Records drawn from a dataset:
---
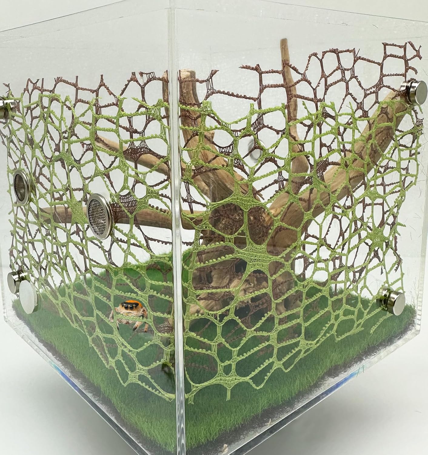 - 【MATERIAL】:This jumping spider accessories mimics the design of spiderwebs and is made of polyester.The material offers durability and is easy to cut into smaller pieces to fit your specific jumping spider enclosure needs.
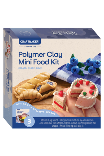 Bring your creativity to life as you craft with this Craft Maker Polymer Clay Mini Foods Kit. Indulge in some soothing crafting time as you make the most adorable little mini creations. Inside this kit is everything you need to make a bread basket and charcuterie board, and blueberry earrings plus step-by-step instructions to make a strawberry cake! All handmade by you!
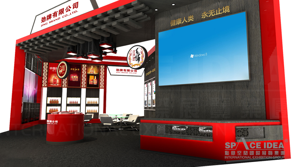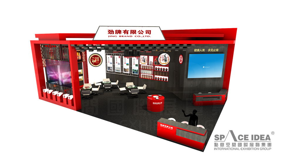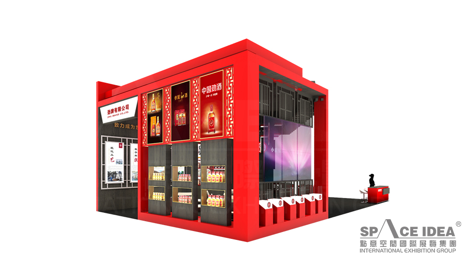本案以中國(guó)紅為主色調(diào),配以黑色的內(nèi)墻與地板,極富視覺沖擊力。采用中式櫥窗來擺放勁牌各種酒產(chǎn)品,中間擺放了三張桌椅,觀眾可以一邊休息,一邊品嘗勁牌名酒。入口處的大型LED屏播放勁灑的制作工藝,傳播勁牌酒業(yè)的企業(yè)文化及理念追求,體現(xiàn)了勁牌酒業(yè)對(duì)健康生活的不懈追求。
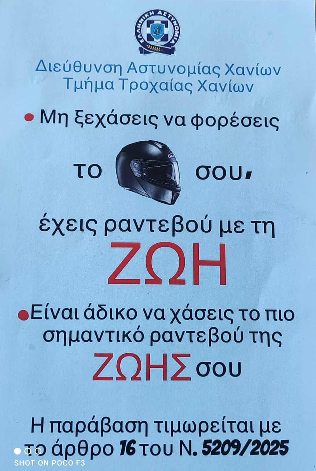 Στο πλαίσιο αυτό, η Διεύθυνση Αστυνομίας Χανίων σε συνεργασία με το Τμήμα Τροχαίας Χανίων διένειμε προστατευτικά κράνη και έντυπο συμβουλευτικό υλικό σε οδηγούς δικύκλων, σε μια προσπάθεια ενημέρωσης και ευαισθητοποίησης των πολιτών για την αναγκαιότητα χρήσης του, στοχεύοντας στην πρόληψη των τροχαίων ατυχημάτων και στην προστασία της ανθρώπινης ζωής.
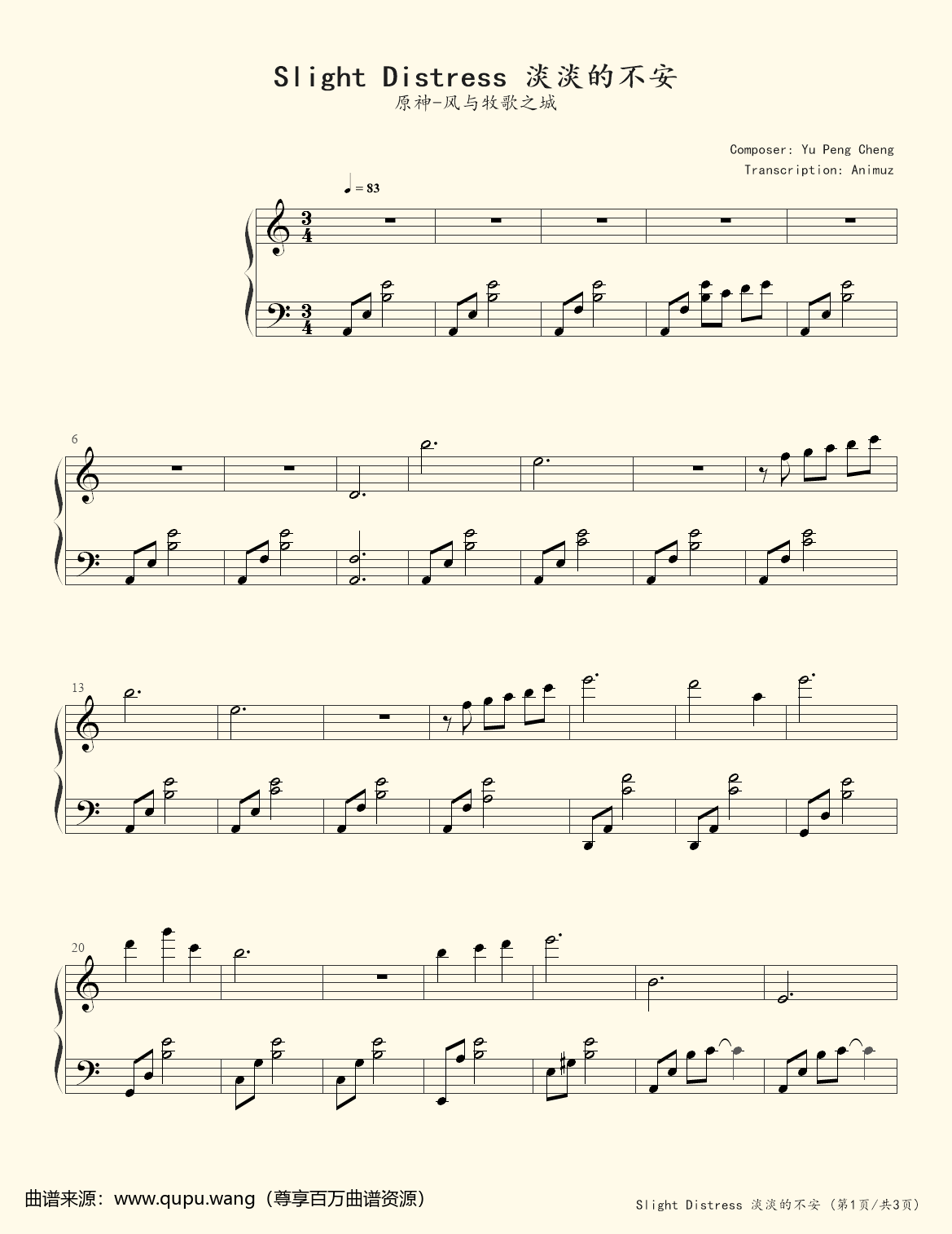《原神-风与牧歌之城-Slight Distress 淡淡的不安,钢琴谱》陈致逸 HOYO-MiX(五线谱 钢琴曲 指法)
---
**WHAT IS BEING ASKED**
Repeat the data word for word. Images are not part of the copy.

**YOUR SOLUTION**
 - 【MATERIAL】:This jumping spider accessories mimics the design of spiderwebs and is made of polyester.The material offers durability and is easy to cut into smaller pieces to fit your specific jumping spider enclosure needs.
 Bring your creativity to life as you craft with this Craft Maker Polymer Clay Mini Foods Kit. Indulge in some soothing crafting time as you make the most adorable little mini creations. Inside this kit is everything you need to make a bread basket and charcuterie board, and blueberry earrings plus step-by-step instructions to make a strawberry cake! All handmade by you!
本案以中國(guó)紅為主色調(diào),配以黑色的內(nèi)墻與地板,極富視覺沖擊力。采用中式櫥窗來擺放勁牌各種酒產(chǎn)品,中間擺放了三張桌椅,觀眾可以一邊休息,一邊品嘗勁牌名酒。入口處的大型LED屏播放勁灑的制作工藝,傳播勁牌酒業(yè)的企業(yè)文化及理念追求,體現(xiàn)了勁牌酒業(yè)對(duì)健康生活的不懈追求。
 Στο πλαίσιο αυτό, η Διεύθυνση Αστυνομίας Χανίων σε συνεργασία με το Τμήμα Τροχαίας Χανίων διένειμε προστατευτικά κράνη και έντυπο συμβουλευτικό υλικό σε οδηγούς δικύκλων, σε μια προσπάθεια ενημέρωσης και ευαισθητοποίησης των πολιτών για την αναγκαιότητα χρήσης του, στοχεύοντας στην πρόληψη των τροχαίων ατυχημάτων και στην προστασία της ανθρώπινης ζωής.
《原神-风与牧歌之城-Slight Distress 淡淡的不安,钢琴谱》陈致逸 HOYO-MiX(五线谱 钢琴曲 指法)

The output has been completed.